Police officers beaten: the prosecutor denounces a “regular lynching”

- Jackson Avery

After the attack on seven police officers outside of their duty on Saturday evening in Reims, prosecutor François Schneider denounced on Tuesday “extreme” and “perfectly gratuitous” violence against a group “which had asked nothing of anyone”.

These are “facts of quite exceptional gravity. The images (…) are extremely violent and above all completely gratuitous,” declared the prosecutor during a press conference.

Two brothers with a long criminal record, one of whom had just been released from prison, were indicted Monday evening for “aggravated violence against persons holding public authority” after the attack perpetrated in the center of Reims.

While they were supposed to meet in a restaurant for a farewell drink after their shift, the police officers were targeted with “a belt” as well as “kicks” and “punches”, he detailed.

Around ten attackers

According to the prosecutor, certain elements of the investigation “suggest that they were informed of the quality of the police officers. There are, objectively, no other explanations for this gratuitous lynching,” he added.
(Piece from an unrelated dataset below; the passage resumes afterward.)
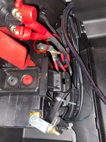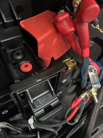 Using a 10mm socket or wrench, disconnect the positive (red) battery lead to prevent accidental shorts while installing the relay. Secure the lead away from the terminal.
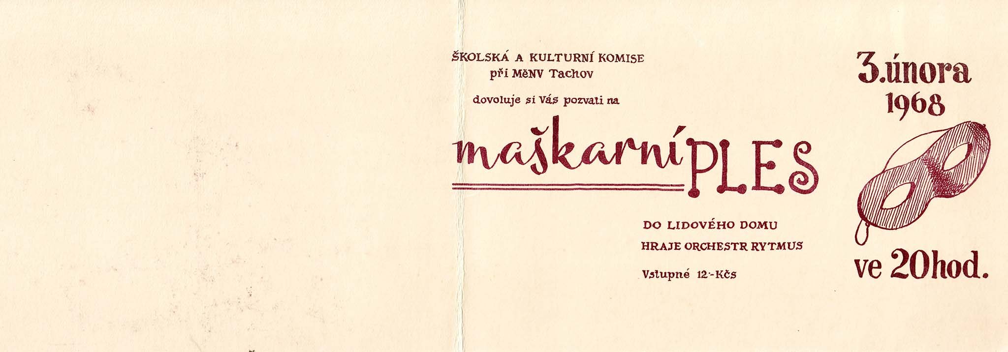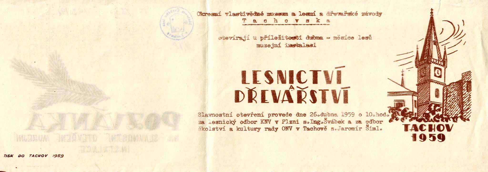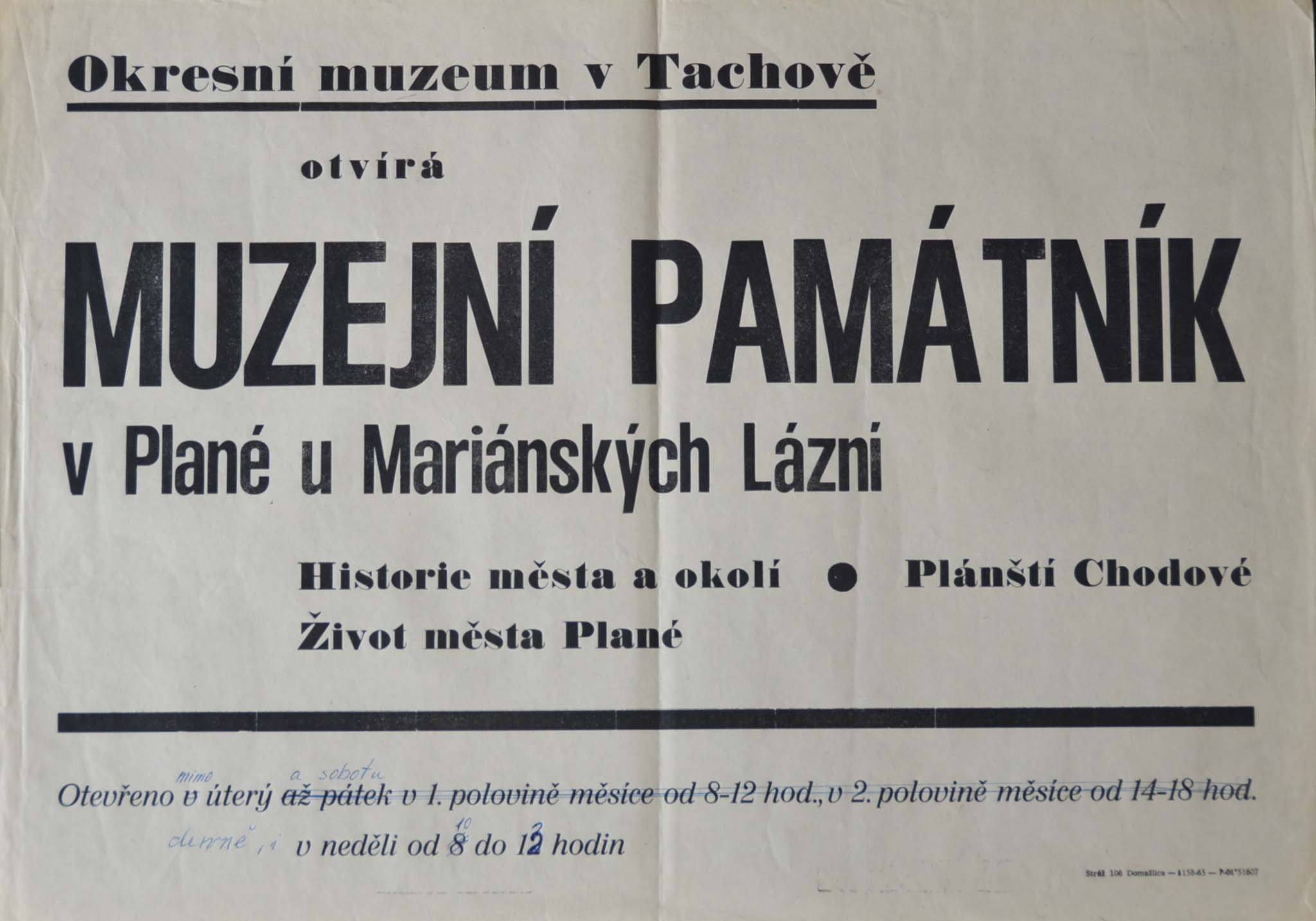 ukázka uložení nevystavených předmětů ukázka uložení nevystavených předmětů ukázka uložení nevystavených předmětů Plakát chebského zábavního podniku, který zval na pouťové atrakce v Tachově r. 1968. Plakát z roku 1965 k červnu - Měsíci myslivosti. Pozvánka z roku 1977 na vernisáž výtvarné výstavy v tachovském muzeu. Pozvánka na prezentaci šesti programů nových, osvědčených forem v kulturně výchovné činnosti, Tachov, rok 1979. Plakát, který v roce 1957 zval tachovské obyvatelstvo na besedu o Sibiři. Pozvánka tachovských kulturních středisek na zahájení výstavy výtvarné amatérské tvorby, r. 1978. Plakát s programem tachovského letního kina na červen 1970. Papírový ubrousek propagující známé výletní místo západních Čech - lesní restaurant Pozvánka školské a kulturní komise při Měst. národním výboru v Tachově na maškarní ples v roce 1968. Ukázka z volebních materiálů strany Občanské fórum - volby v roce 1990. Kartonový pivní tácek z roku 1967 s pozvánkou k návštěvě rekreačních středisek na Tachovsku. Propagační kartonový pivní tácek družstva Jednota z roku 1967 - tachovský hotel Český les. Pozvánka tachovského Okresního osvětového domu a Lidové školy umění na koncert, který se v roce 1968 uskutečnil v tachovském muzeu. Plakát - Armádní umělecký soubor Víta Nejedlého vystoupil v Tachově v roce 1958 s lidovými a vojenskými písněmi a tanci. Plakát - Okresní muzeum v Tachově otevřelo v Plané památník zaměřený na historii města a okolí. Program prvního Pozvánka z roku 1967 na orchranářskou olympiádu mládeže. Pozvánka na VII. ročník cyklistického závodu Tachovský trojúhelník, rok 1977. Perokresba podle dobové fotografie - celkový pohled na město Tachov. Propustka do hraničního pásma, vydáno Okresní správou SNB v roce 1990. Pozvánka z roku do obce Maršovy Chody na staročeskou svatbu. Pozvánka na oblastní soutěž amatérských filmů v Tachově v roce 1978. Poukázka na odběr kávovinové směsi v roce 1918. Perokresba podle dobové fotografie - pohled na tachovskou městskou bránu. Příručka z roku 1908 k určování mincí s ukázkami platidel různých zemí světa. Perokresba české menšinové školy v Tachově z roku 1928. Plakát - tachovské muzeum spolu s Galerií výtvarného umění v Chebu uspořádalo v Tachově v roce 1963 výstavu českého malířství 19. století. Vkladní knížka Spořitelny Tachov z období 1. sv. války, nevyplněná, s úpisem půjčky na válečné účely. Plakát - představení souboru Divadla E. F. Buriana v Praze, odehrálo se v tachovském kině v roce 1968. Kartonový pivní tácek vyrobení u příležitosti husitských slavností v Tachově v roce 1967. Plakát z roku 1986 - pozvánka na koncert, v němž účinkovala hudební tělesa z Německé demokratické republiky. Pozvánka na Poslední leč do obce Malý Rapotín v roce 1968. Pozvánka České křesťanské akademie v Tachově z roku 1998 na přednášku s tématem II. Vatikánského koncilu a církevního sněmu. Pozvánka na otevření instalace Volební humor - propagační materiál (Občanské fórum) voleb v roce 1990. Plakát k výstavě v tachovském muzeu v roce 1989 - historické hodiny ze sbírek západočeských muzeí. Plakát z roku 1963 k výstavě kreseb a grafiky členů a spolupracovníků AVS na téma

“It’s abject,” reacted to AFP Mathieu Dufour, departmental secretary of the Alliance police union. “They were immediately jumped and lynched. There was no discussion with the perpetrators of the violence,” he added, deploring a situation that was “difficult to understand”.
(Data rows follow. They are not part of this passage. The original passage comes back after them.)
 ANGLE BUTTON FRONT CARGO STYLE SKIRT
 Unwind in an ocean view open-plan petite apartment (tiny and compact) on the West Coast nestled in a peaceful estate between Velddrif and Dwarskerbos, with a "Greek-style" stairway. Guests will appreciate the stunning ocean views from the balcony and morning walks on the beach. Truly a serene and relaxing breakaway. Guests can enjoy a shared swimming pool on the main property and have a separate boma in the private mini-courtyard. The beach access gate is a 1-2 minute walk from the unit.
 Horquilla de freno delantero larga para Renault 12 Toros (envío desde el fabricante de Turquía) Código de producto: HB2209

Other attackers are still being sought, according to the prosecutor who indicates that “there were around ten” in total.

The magistrate specified that the two indicted were “young people who had already been checked” by police officers and who were therefore “perfectly likely to (…) know” the victims.

Aged 26 and 27 and originally from Mayotte, the suspects, two brothers “well known to the police”, were placed in pre-trial detention and face 20 years in prison.

“Ultra-violence”

Both were “summoned today before the criminal court for acts of supply or transfer of narcotics and non-disclosure of codes in two different cases”, detailed Mr. Schneider.

One of them has already “been sentenced to six years of imprisonment by the Grenoble Criminal Court for violent theft, kidnapping and kidnapping” and the other “has increased the sentences for violence”.

The two suspects “recognized absolutely nothing, explaining that they had been there, but by chance, and not having seen anything,” reported the prosecutor.

“The incapacity for work is 28 days for the police officer who has a broken ankle and 6 to 10 days for the others who were really beaten up,” detailed Mr. Schneider. “It was a real lynching of an entire ultra-violent group,” he insisted.

Jackson Avery

Jackson Avery

I’m a journalist focused on politics and everyday social issues, with a passion for clear, human-centered reporting. I began my career in local newsrooms across the Midwest, where I learned the value of listening before writing. I believe good journalism doesn’t just inform — it connects.